> _Action item_:
What is needed is an exact repeat of the entries, with no pictures in it.

Records from a data source
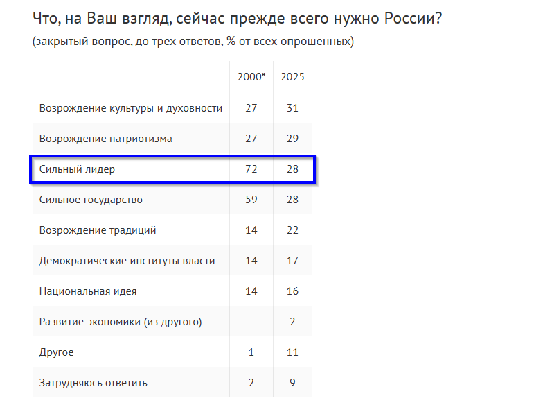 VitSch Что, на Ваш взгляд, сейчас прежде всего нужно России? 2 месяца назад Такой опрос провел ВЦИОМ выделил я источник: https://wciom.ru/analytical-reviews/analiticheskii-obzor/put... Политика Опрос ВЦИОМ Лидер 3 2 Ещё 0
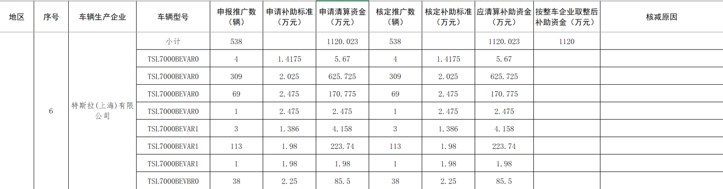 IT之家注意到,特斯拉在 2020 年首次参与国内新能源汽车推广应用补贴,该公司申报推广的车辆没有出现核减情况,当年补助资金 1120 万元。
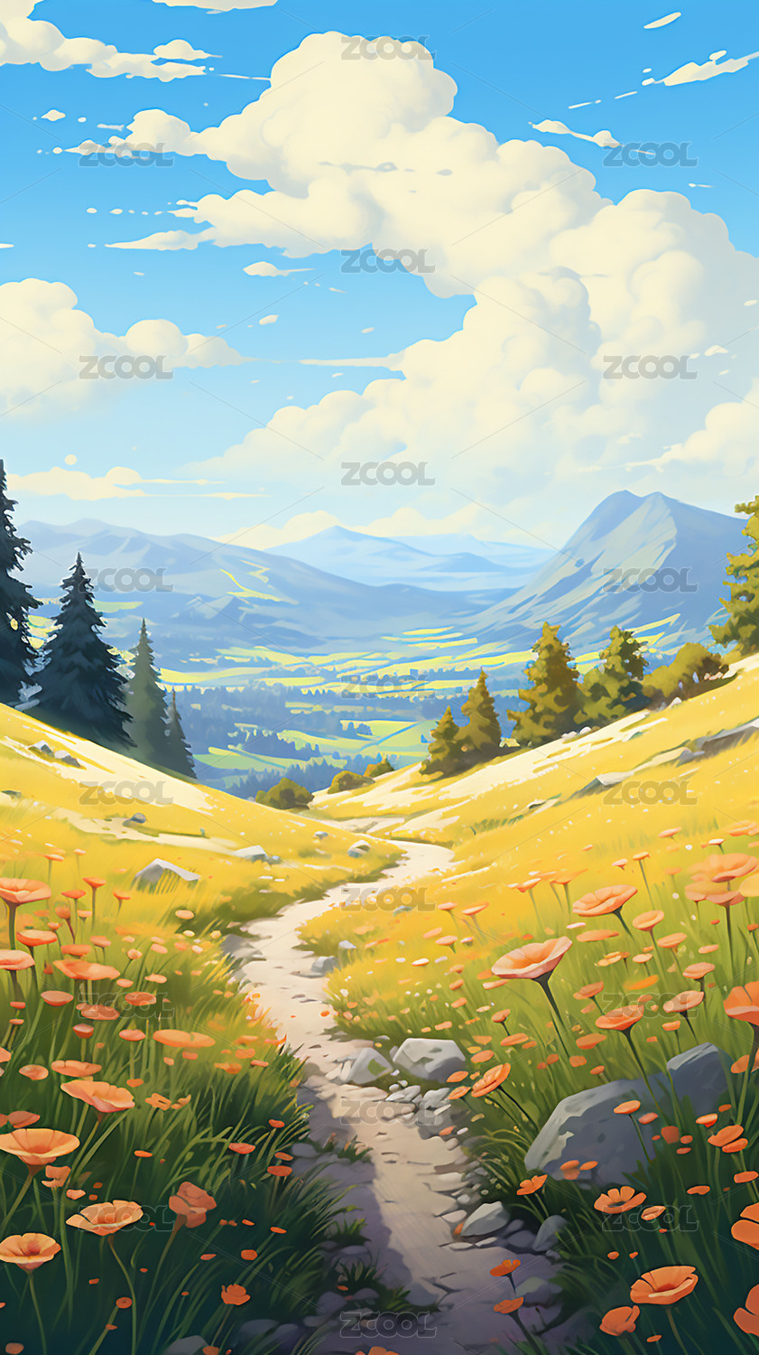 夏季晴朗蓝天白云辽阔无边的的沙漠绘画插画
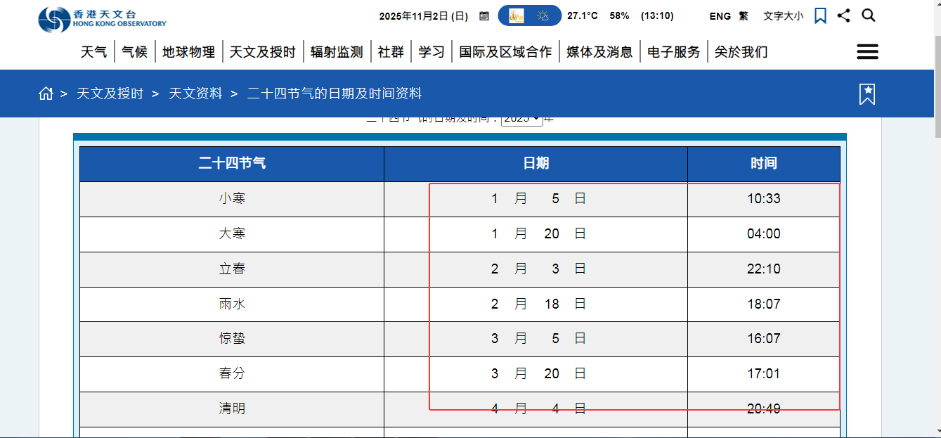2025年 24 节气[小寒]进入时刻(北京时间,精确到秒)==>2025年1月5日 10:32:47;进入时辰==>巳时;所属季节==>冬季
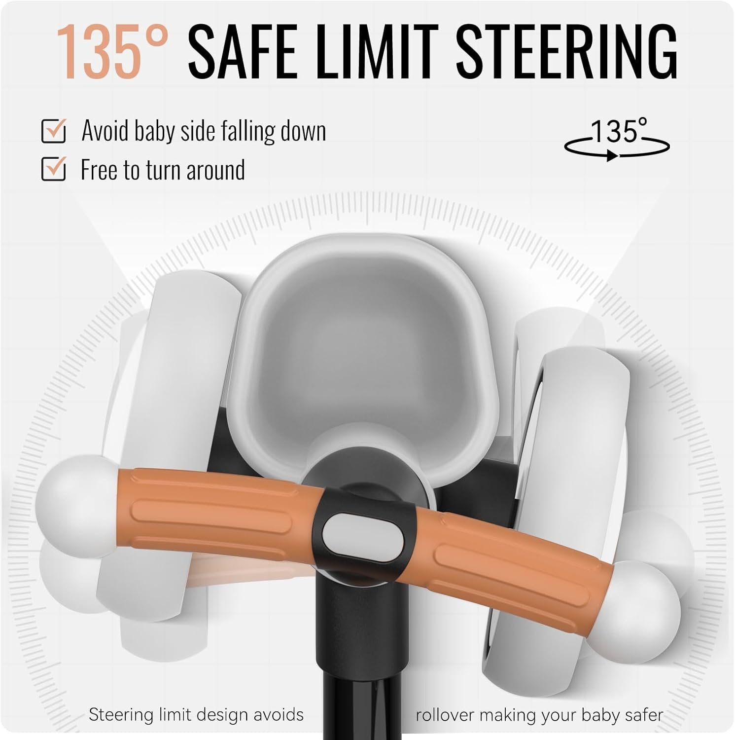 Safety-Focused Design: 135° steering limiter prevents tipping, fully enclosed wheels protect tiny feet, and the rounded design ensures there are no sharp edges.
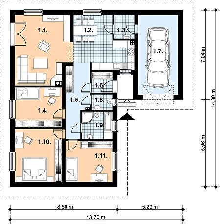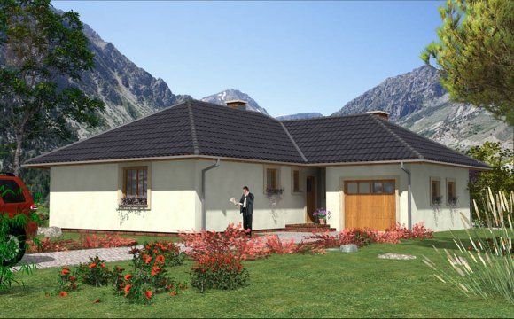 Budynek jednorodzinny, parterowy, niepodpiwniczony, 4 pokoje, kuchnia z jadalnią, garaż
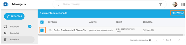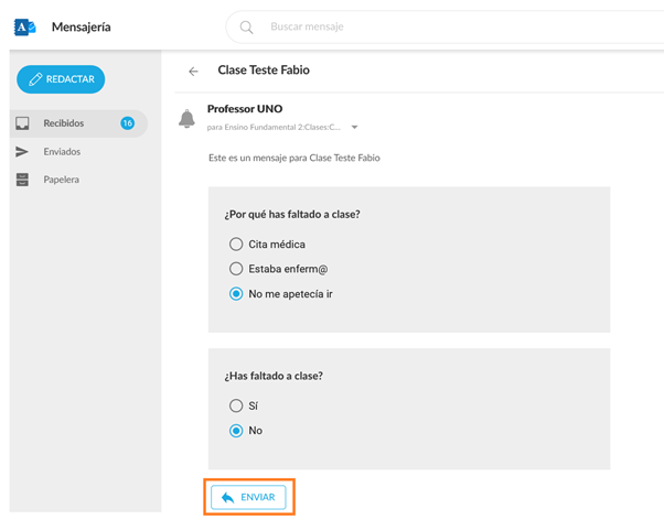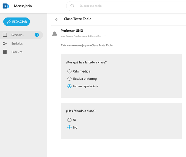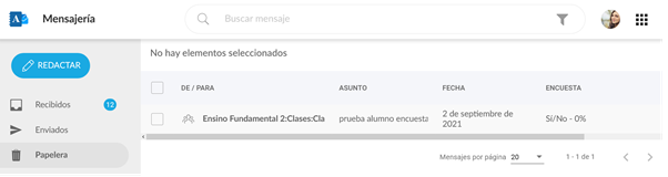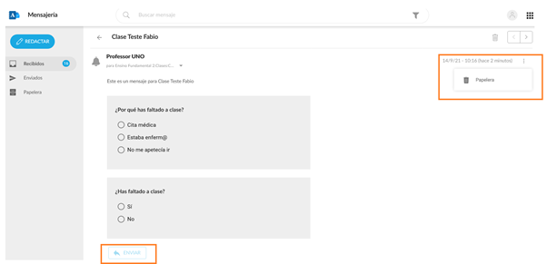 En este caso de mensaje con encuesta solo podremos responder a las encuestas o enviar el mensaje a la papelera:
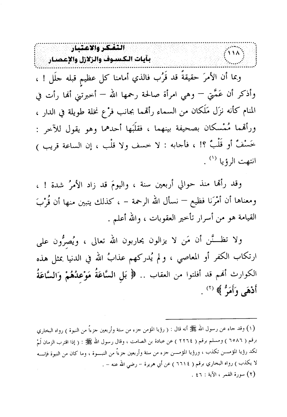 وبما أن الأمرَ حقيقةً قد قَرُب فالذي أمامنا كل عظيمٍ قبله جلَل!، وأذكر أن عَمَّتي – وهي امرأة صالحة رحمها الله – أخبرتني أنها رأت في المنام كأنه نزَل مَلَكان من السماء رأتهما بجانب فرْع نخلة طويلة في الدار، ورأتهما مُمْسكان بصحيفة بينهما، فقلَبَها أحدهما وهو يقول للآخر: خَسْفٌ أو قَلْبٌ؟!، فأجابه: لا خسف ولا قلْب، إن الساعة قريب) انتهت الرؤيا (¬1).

> _Expected output_:
 VitSch Что, на Ваш взгляд, сейчас прежде всего нужно России? 2 месяца назад Такой опрос провел ВЦИОМ выделил я источник: https://wciom.ru/analytical-reviews/analiticheskii-obzor/put... Политика Опрос ВЦИОМ Лидер 3 2 Ещё 0
 IT之家注意到,特斯拉在 2020 年首次参与国内新能源汽车推广应用补贴,该公司申报推广的车辆没有出现核减情况,当年补助资金 1120 万元。
 夏季晴朗蓝天白云辽阔无边的的沙漠绘画插画
2025年 24 节气[小寒]进入时刻(北京时间,精确到秒)==>2025年1月5日 10:32:47;进入时辰==>巳时;所属季节==>冬季
 Safety-Focused Design: 135° steering limiter prevents tipping, fully enclosed wheels protect tiny feet, and the rounded design ensures there are no sharp edges.
 Budynek jednorodzinny, parterowy, niepodpiwniczony, 4 pokoje, kuchnia z jadalnią, garaż
 En este caso de mensaje con encuesta solo podremos responder a las encuestas o enviar el mensaje a la papelera:
 وبما أن الأمرَ حقيقةً قد قَرُب فالذي أمامنا كل عظيمٍ قبله جلَل!، وأذكر أن عَمَّتي – وهي امرأة صالحة رحمها الله – أخبرتني أنها رأت في المنام كأنه نزَل مَلَكان من السماء رأتهما بجانب فرْع نخلة طويلة في الدار، ورأتهما مُمْسكان بصحيفة بينهما، فقلَبَها أحدهما وهو يقول للآخر: خَسْفٌ أو قَلْبٌ؟!، فأجابه: لا خسف ولا قلْب، إن الساعة قريب) انتهت الرؤيا (¬1).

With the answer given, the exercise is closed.